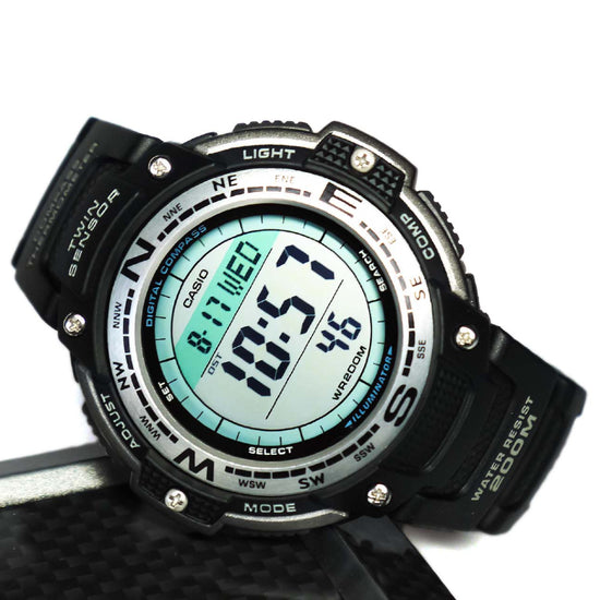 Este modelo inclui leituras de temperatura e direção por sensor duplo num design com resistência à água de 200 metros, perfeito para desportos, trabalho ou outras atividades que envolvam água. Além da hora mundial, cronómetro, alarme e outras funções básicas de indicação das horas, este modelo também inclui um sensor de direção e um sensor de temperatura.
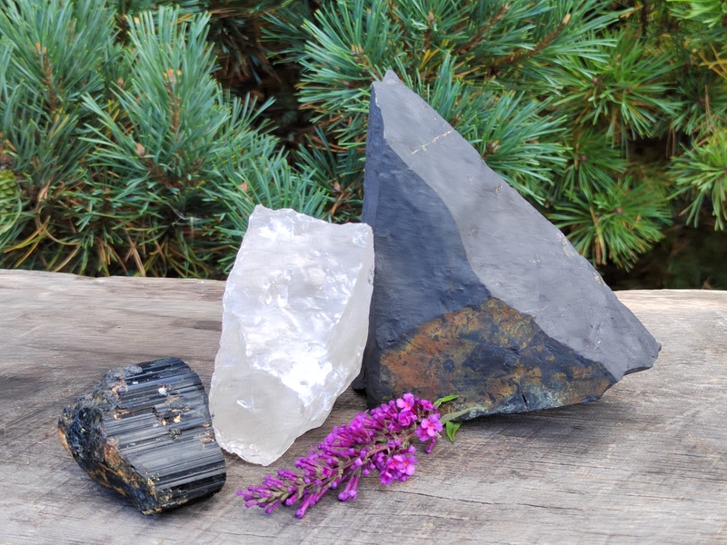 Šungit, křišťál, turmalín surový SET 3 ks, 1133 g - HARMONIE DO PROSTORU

--

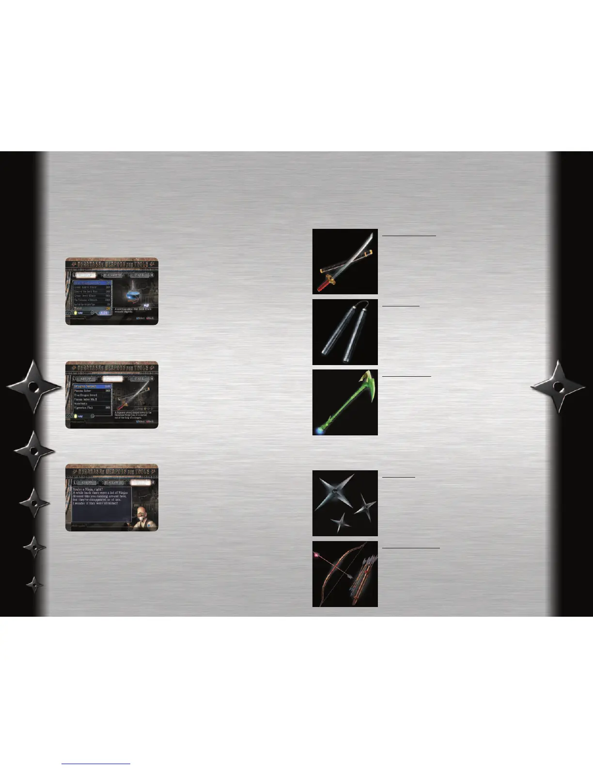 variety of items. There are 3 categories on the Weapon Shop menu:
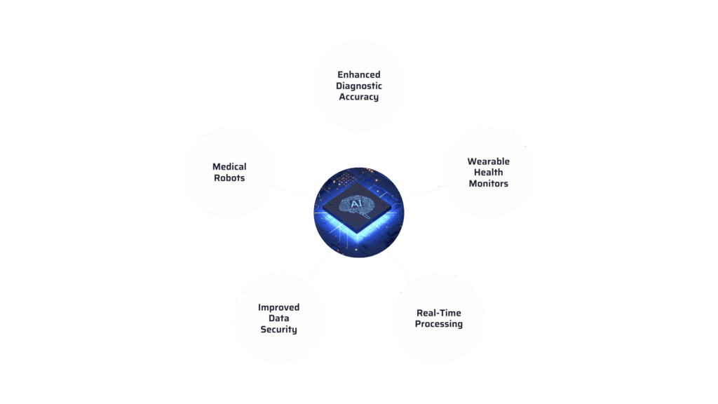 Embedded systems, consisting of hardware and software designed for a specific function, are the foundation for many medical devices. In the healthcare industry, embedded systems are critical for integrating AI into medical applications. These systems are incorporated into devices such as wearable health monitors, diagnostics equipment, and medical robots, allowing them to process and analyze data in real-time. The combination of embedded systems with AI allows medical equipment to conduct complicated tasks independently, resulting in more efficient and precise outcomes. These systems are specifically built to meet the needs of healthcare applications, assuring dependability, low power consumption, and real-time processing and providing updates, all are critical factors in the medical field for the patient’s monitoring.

*The task*:
Reproduce the data above exactly, but only from the line containing "Este modelo inclui" through the line containing "Šungit, křišťál, turmalín". Omit all pictures.

*Exercise result*:
 Este modelo inclui leituras de temperatura e direção por sensor duplo num design com resistência à água de 200 metros, perfeito para desportos, trabalho ou outras atividades que envolvam água. Além da hora mundial, cronómetro, alarme e outras funções básicas de indicação das horas, este modelo também inclui um sensor de direção e um sensor de temperatura.
 Šungit, křišťál, turmalín surový SET 3 ks, 1133 g - HARMONIE DO PROSTORU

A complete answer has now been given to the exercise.